CEMETERY DIRECTIONS:
Take the 51st Street exit from Highway 24 and follow it south for one mile. (Its name will change to Pleasant Valley Avenue along the way.) Turn left onto Piedmont Avenue and the mausoleum is a short distance ahead on the left at Number 4499.

GRAVE DIRECTIONS:
Enter the building through the glass doors toward the rear of the parking lot. Go to the end of the hall, turn left and then right, then take the elevator to the third floor. Out
of the elevator, turn left and then right, and John’s crypt is on the left, on the bottom after the French doors.

RICK JAMES

FEBRUARY 1, 1948 – AUGUST 6, 2004

With long hair styled in cascading braids and glistening jheri curls, Rick James found his fortune with a seminal triple-platinum album released in 1981 called
Street Songs
. The album catapulted Rick to the forefront of his new “punk funk” style and its gritty and sexually explicit content bolstered his bad boy reputation to a new zenith. Its biggest hit, “Super Freak,” featured a female subject who was “the kind of girl you don’t bring home to mother” but, as far as boys go, he may well have said the same thing about himself.

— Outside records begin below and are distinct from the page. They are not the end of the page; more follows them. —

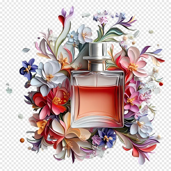 Enhance your projects with this stunning free PNG of a luxurious perfume bottle surrounded by an exquisite array of vibrant, artistic flowers. Featuring a sleek glass bottle with a warm, peachy liquid and a shiny silver cap, set against a dramatic black background, this image exudes elegance and sophistication. The layered, abstract floral design incorporates rich hues of pink, purple, blue, red, orange, and white blossoms, creating a visually captivating composition. Perfect for beauty and fragrance marketing, social media graphics, blog posts, or any creative design that needs a touch of high-end aesthetic. Download this high-quality, transparent background PNG for free today and add a fresh, luxurious feel to your next design endeavor!
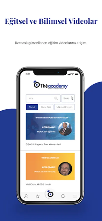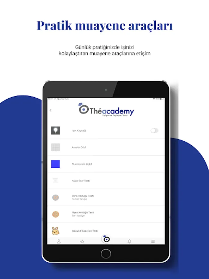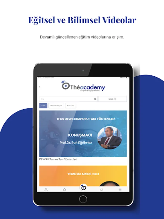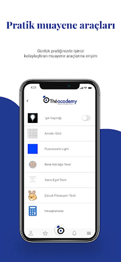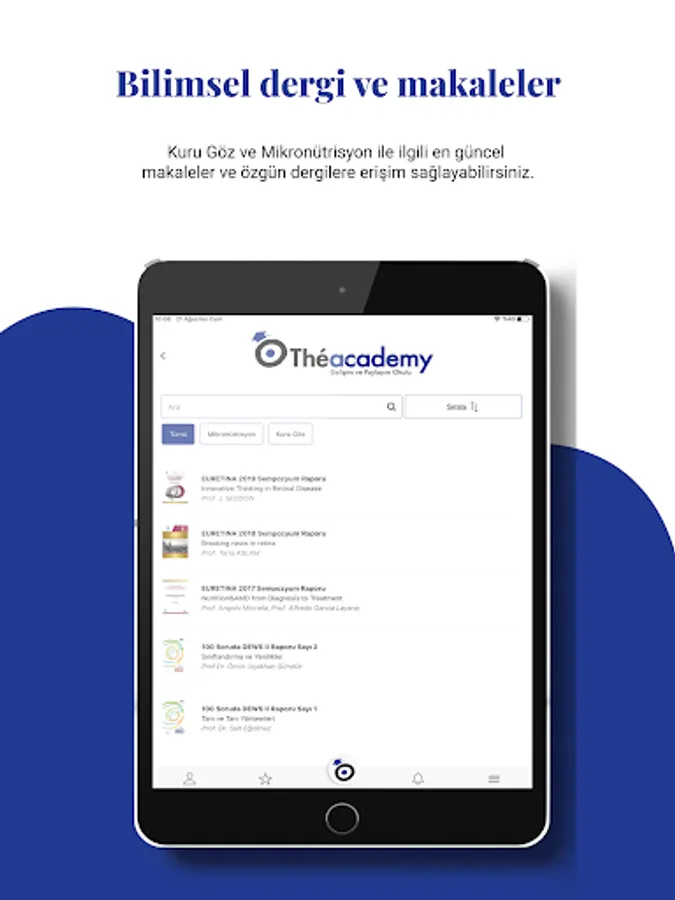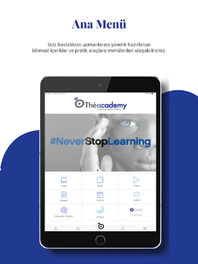 Theacademy mobile application has been prepared to meet the scientific, educational and daily practical needs of ophthalmologists in our country. With its constantly renewed and updated scientific content, it has been presented to the use of healthcare professionals as a mobile application that is always living and developing. Our application is designed to be used on all smartphones and tablets. All contents are prepared in a way that they can be shared and determined in a way to increase the sharing and interaction between ophthalmologists. We offer it to our esteemed physicians.
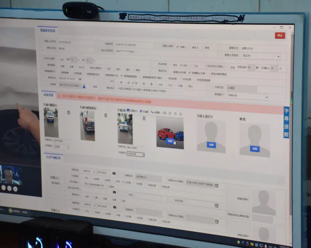 “您好,这里是丽江市公安局古城分局交通警察大队事故一中队视频快处处,您的车辆发生了什么事故?是否有人员受伤?”“没有人员受伤,我的车子停在路边被其他车子刮蹭到了!”“好的,接下来我们通过视频快处功能为您进行处理,请您翻转镜头拍摄您的车辆受损位置。”丽江市公安局古城分局交警大队事故一中队指导员钏文潇正在通过视频通话指导事故车辆车主进行视频快处。
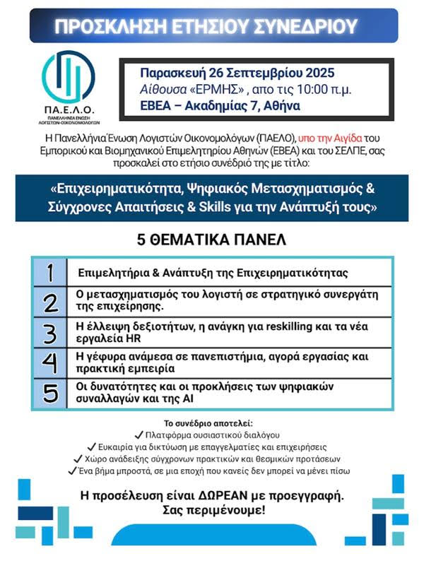 Η ΠΑ.Ε.Λ.Ο. διοργανώνει το ετήσιο συνέδριό της, το οποίο τελεί υπό την Αιγίδα του ΕΒΕΑ και του ΣΕΛΠΕ, φέρνοντας στο ίδιο τραπέζι θεσμικούς φορείς, επιχειρήσεις και επαγγελματίες. Στόχος δεν είναι μόνο η καταγραφή των προκλήσεων, αλλά κυρίως η παρουσίαση λύσεων και πρακτικών προτάσεων. Η επιχειρηματικότητα κινείται σε περιβάλλον διαρκούς αλλαγής και αβεβαιότητας, με τις μικρομεσαίες επιχειρήσεις να αποτελούν το θεμέλιο της οικονομίας και να χρειάζονται στήριξη. Ο ψηφιακός μετασχηματισμός δεν είναι επιλογή, αλλά προϋπόθεση βιωσιμότητας, ενώ η τεχνολογία και η Τεχνητή Νοημοσύνη αλλάζουν τον τρόπο λειτουργίας των γραφείων και των επιχειρήσεων.

Interestingly, though the album sold dozens of times more copies than the relatively minor releases he had scored earlier, its success actually led to a parting between Rick and Motown as the label felt his graphic themes conflicted with the company’s more conservative approach.

The album and the Motown parting saddled Rick with a rep that was tough to live down, and the 1980s found him kicking the party boundaries further and further in an attempt to bust himself and other players out of any ordinary existence he called “L Seven.” Heavy involvement with methamphetamines and cocaine led to legal problems, health troubles, and, as one might expect, jail. In 1991 prosecutors said James and his girlfriend tied a woman to a chair, burned her with a hot crack pipe, and forced her to perform sex acts during a drug-induced binge at his home. While free on bail for those charges (of which he was eventually acquitted) he was arrested again, this time for punching a woman repeatedly in the face, and Rick ended up serving two years in Folsom Prison.